▶ **Aim of the task**: Transcribe each record exactly, but omit pictures.

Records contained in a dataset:
========================================================================
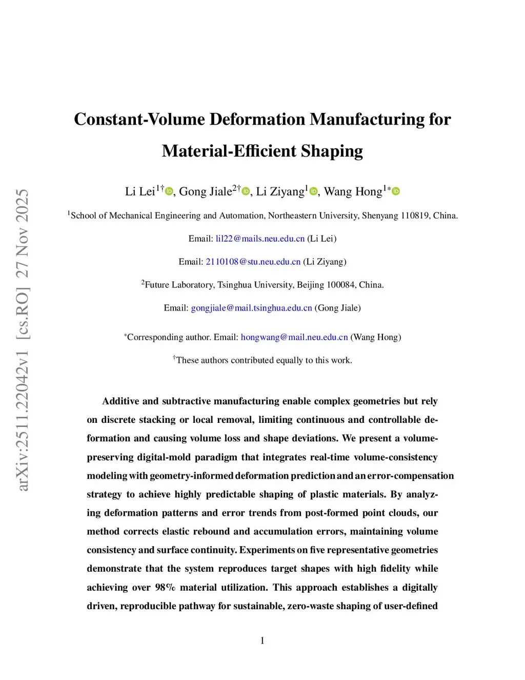Volume-Consistent Kneading-Based Deformation Manufacturing for Material-Efficient Shaping
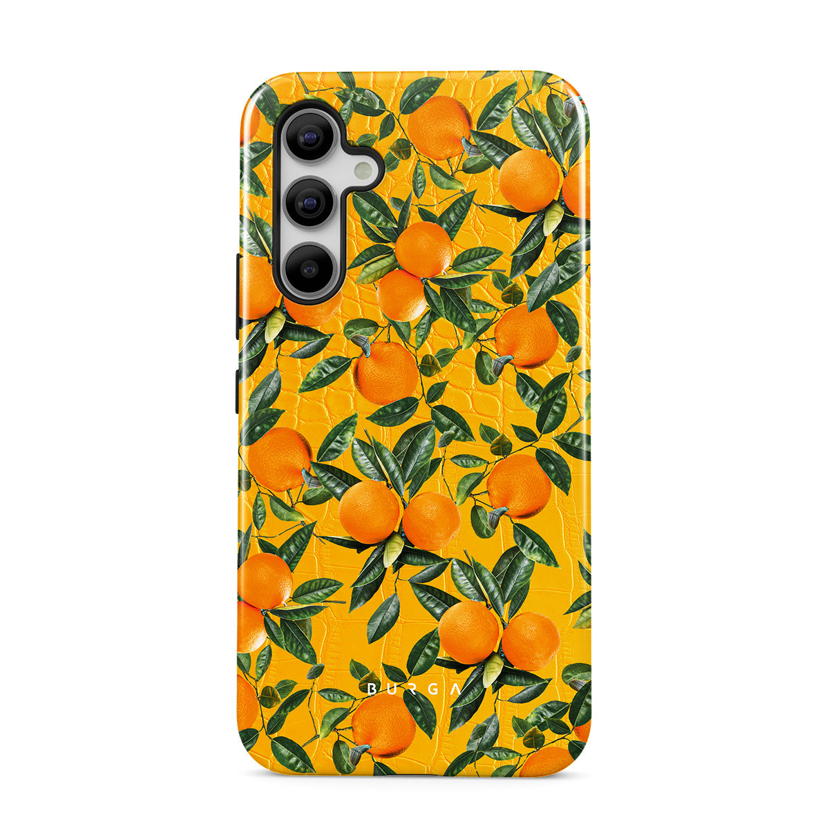 Orange Lemonade Samsung Galaxy A55 phone case showcases a unique combination of vibrant orange croco design with plenty of mouth-watering oranges on top. With this energetic design, protect your phone and keep your spirits up.
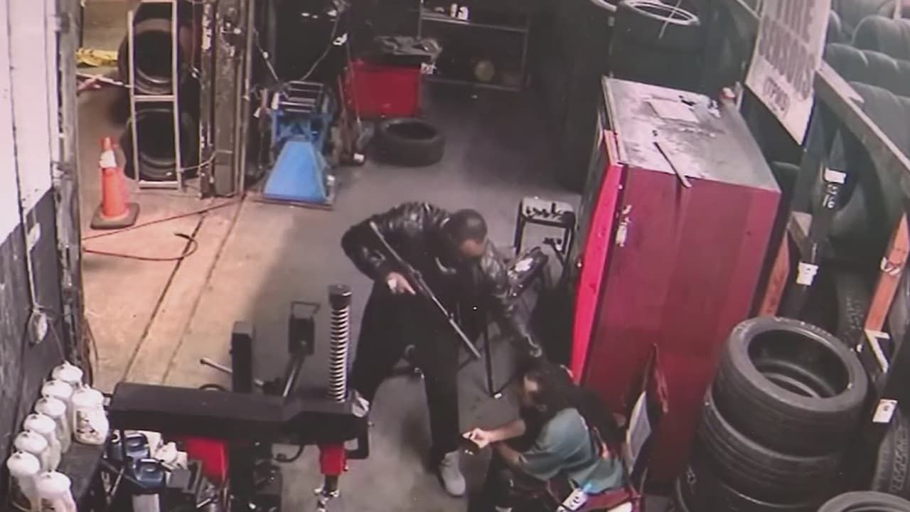 Con fusil en mano, dos ladrones atracan un taller de autos y arrastran por el suelo a los empleados
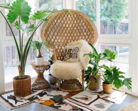 Op nog grotere schaal aanwezig dan in 2019 zijn de natuurlijke materialen. Bamboe en riet zijn leading. Denk maar eens aan een grote peacock stoel van gevlochten bamboe, die willen wij ook wel.
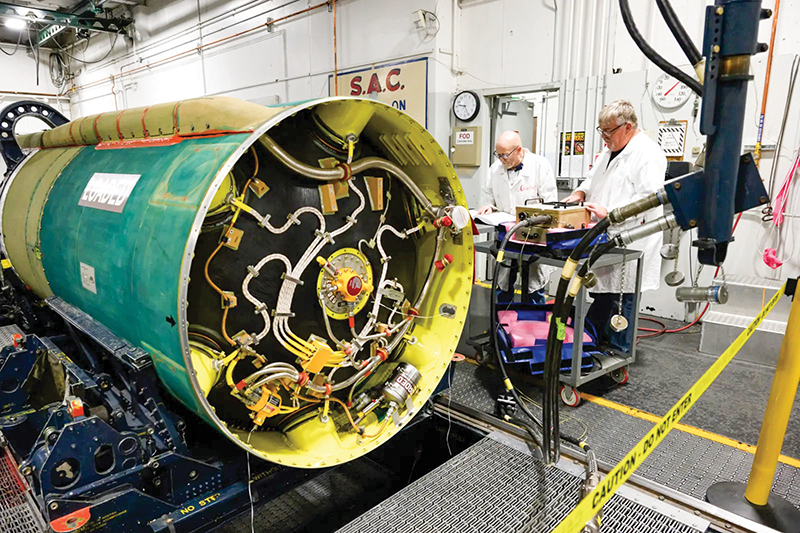 Mỹ bảo dưỡng tầng đẩy của tên lửa đạn đạo liên lục địa Minuteman III. Ảnh: KHÔNG QUÂN MỸ
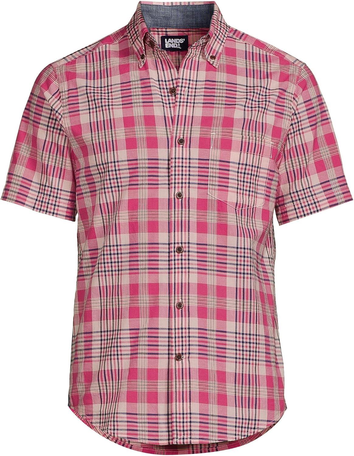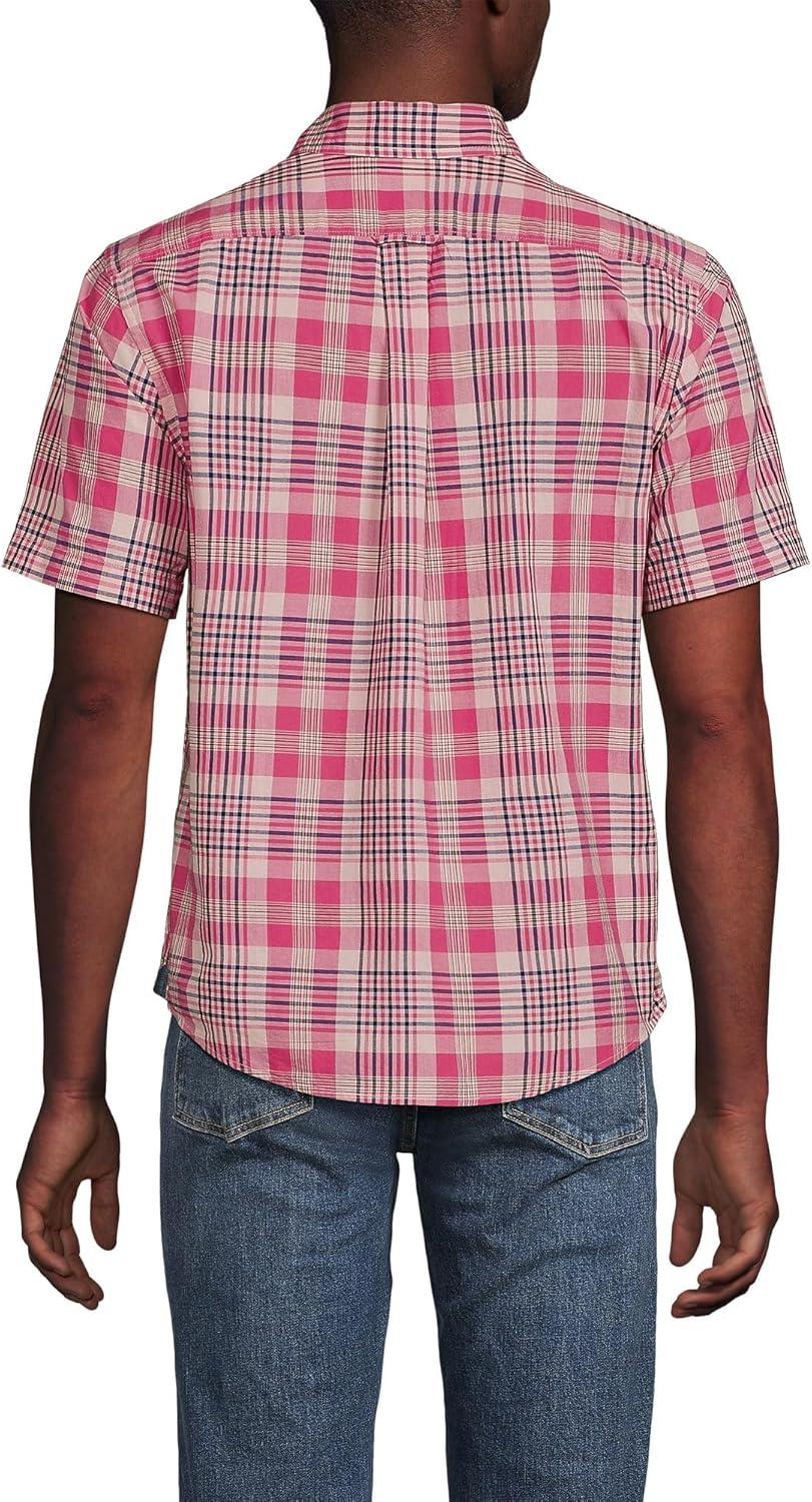 Lands’ End Men’s Traditional Fit Short Sleeve Madras Shirt(Spiced Rhubarb/Peach Plaid)
========================================================================
▶ **Task solution**:
Volume-Consistent Kneading-Based Deformation Manufacturing for Material-Efficient Shaping
 Orange Lemonade Samsung Galaxy A55 phone case showcases a unique combination of vibrant orange croco design with plenty of mouth-watering oranges on top. With this energetic design, protect your phone and keep your spirits up.
 Con fusil en mano, dos ladrones atracan un taller de autos y arrastran por el suelo a los empleados
 Op nog grotere schaal aanwezig dan in 2019 zijn de natuurlijke materialen. Bamboe en riet zijn leading. Denk maar eens aan een grote peacock stoel van gevlochten bamboe, die willen wij ook wel.
 Mỹ bảo dưỡng tầng đẩy của tên lửa đạn đạo liên lục địa Minuteman III. Ảnh: KHÔNG QUÂN MỸ
 Lands’ End Men’s Traditional Fit Short Sleeve Madras Shirt(Spiced Rhubarb/Peach Plaid)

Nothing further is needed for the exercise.